Monday, October 19, 2015

Different English

I have lived in and traveled to a number of countries, and every day as part of my work I deal with people from countries I have not even been to yet.  We speak English to each other, but it's not the same English, it's different, and some of the differences are huge and can cause some comical misunderstandings.  People are usually not really aware that parts of their local version of English are so unique, until they find this out the hard way.

I'm outlining some examples that I have come across:

England... Burgers and patties, and burgers.

Everyone knows what a hamburger is, or often called simply 'a burger'.  Well, not really.   The Wikipedia description is 'a sandwich consisting of one or more cooked patties of ground meat, usually beef, placed inside a sliced bun'   That's all good and well, until you go to where English comes from: England.

USA: What do you call that piece of meat inside of your burger?
England: A burger.
USA: So, you have a burger inside of your burger?
England: yes.
USA: Does the burger inside of your burger have a patty inside of it?
England: No, and what is a patty?

Very confusing, and then they'll tell you that they eat tea.

India... Metamorphosis involved in communication

Most countries have people saying things to other people, and then those people will reply to them.
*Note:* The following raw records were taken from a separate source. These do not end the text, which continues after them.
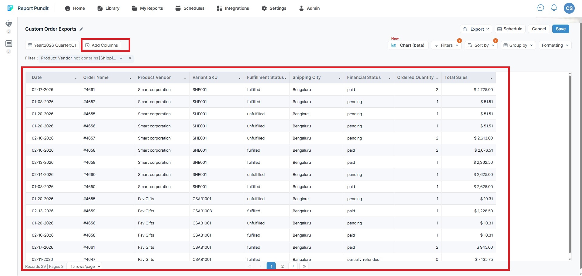 Report Pundit allows you to build fully customized order exports by selecting required fields such as SKU, quantity, vendor, shipping details, cost, and tags. You can format the report based on each team’s workflow and automate delivery on a schedule.
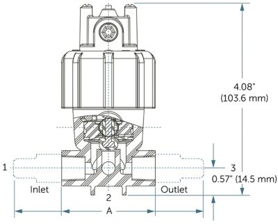 | ポート接続 | ポート1からポート3 への流量係数 Cv (Kv) | ポート1または3からポート2 への流量係数 Cv (Kv) | A寸法 |
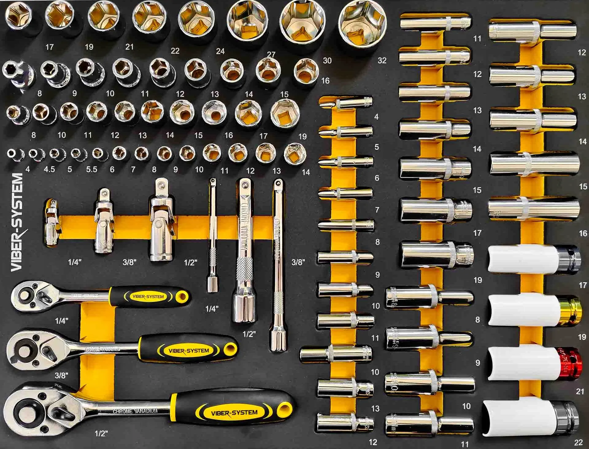- 8 szt. przedłużanych nasadek 3/8″ DR: 10–11–12–13–14–15–17–19 mm
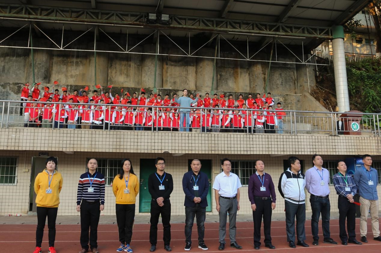 在场的领导及师生代表庄严站立,面向五星红旗齐声高唱国歌,注目鲜艳的五星红旗,它正迎着朝阳冉冉升起。
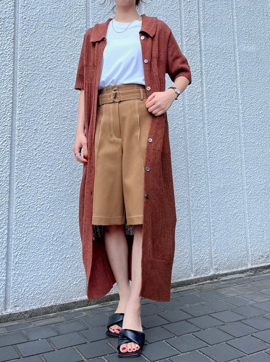 アクリル、ナイロンが混ざることで少しドライタッチな質感も加わり春夏らしい素材感に仕上がっています。
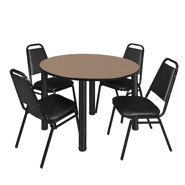 Round Kee Breakroom Table W/ 4 Restaurant Stack Chairs, 48 in W, 48 in L, Noble Oak

In India they have complex religious beliefs and rituals, and it seems to appear that they attempt to communicate with people who are likely reincarnated versions of themselves.  This leaves the option open of reversing the reincarnation to communicate back to their former selves.  Yeah, it's complicated.

India: The document you have requested is attached.  Revert to me if you have any questions.
England: I have a question, but I don't think I evolved from being 'you' into being 'me' and I don't have the ability to reverse this evolution to be able to transform back into you.  I suppose if I was able to turn back into you, I will also possess the answers you have.  I think I am stuck with having to reply to you with a question instead.
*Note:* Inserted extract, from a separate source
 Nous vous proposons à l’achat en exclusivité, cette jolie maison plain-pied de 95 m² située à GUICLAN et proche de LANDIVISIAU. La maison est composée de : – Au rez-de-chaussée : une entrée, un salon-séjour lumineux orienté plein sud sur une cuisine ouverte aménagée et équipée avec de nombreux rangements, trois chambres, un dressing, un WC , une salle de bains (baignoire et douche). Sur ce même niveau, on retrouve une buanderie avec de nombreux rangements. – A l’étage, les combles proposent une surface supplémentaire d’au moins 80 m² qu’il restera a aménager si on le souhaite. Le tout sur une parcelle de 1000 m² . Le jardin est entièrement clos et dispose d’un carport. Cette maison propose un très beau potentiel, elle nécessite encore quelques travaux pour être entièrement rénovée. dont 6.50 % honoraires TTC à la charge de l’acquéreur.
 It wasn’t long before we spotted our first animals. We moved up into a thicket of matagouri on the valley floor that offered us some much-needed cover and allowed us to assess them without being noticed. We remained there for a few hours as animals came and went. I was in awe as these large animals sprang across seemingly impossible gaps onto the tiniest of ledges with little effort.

Well, perhaps they are confusing the world 'revert' with the word 'reply'

South Africa... Goodbye, in the meantime

South Africans are aware of a lot of some of their common unique expressions, like 'howzit' and their word for traffic lights, which they call 'robots'  However, many of them are not aware that the phrase 'so long' only means something similar to 'goodbye' to the rest of the world.

South Africa: Good day sir, table for two?
England: Yes, please.
South Africa: Smoking or non smoking?
England: Non smoking
South Africa: Here you go, would you like to order drinks so long while you look at the menu?

Now to Mr England above, it comes across like the following:
South Africa: Here you go, would you like to order drinks, Goodbye! while you look at the menu?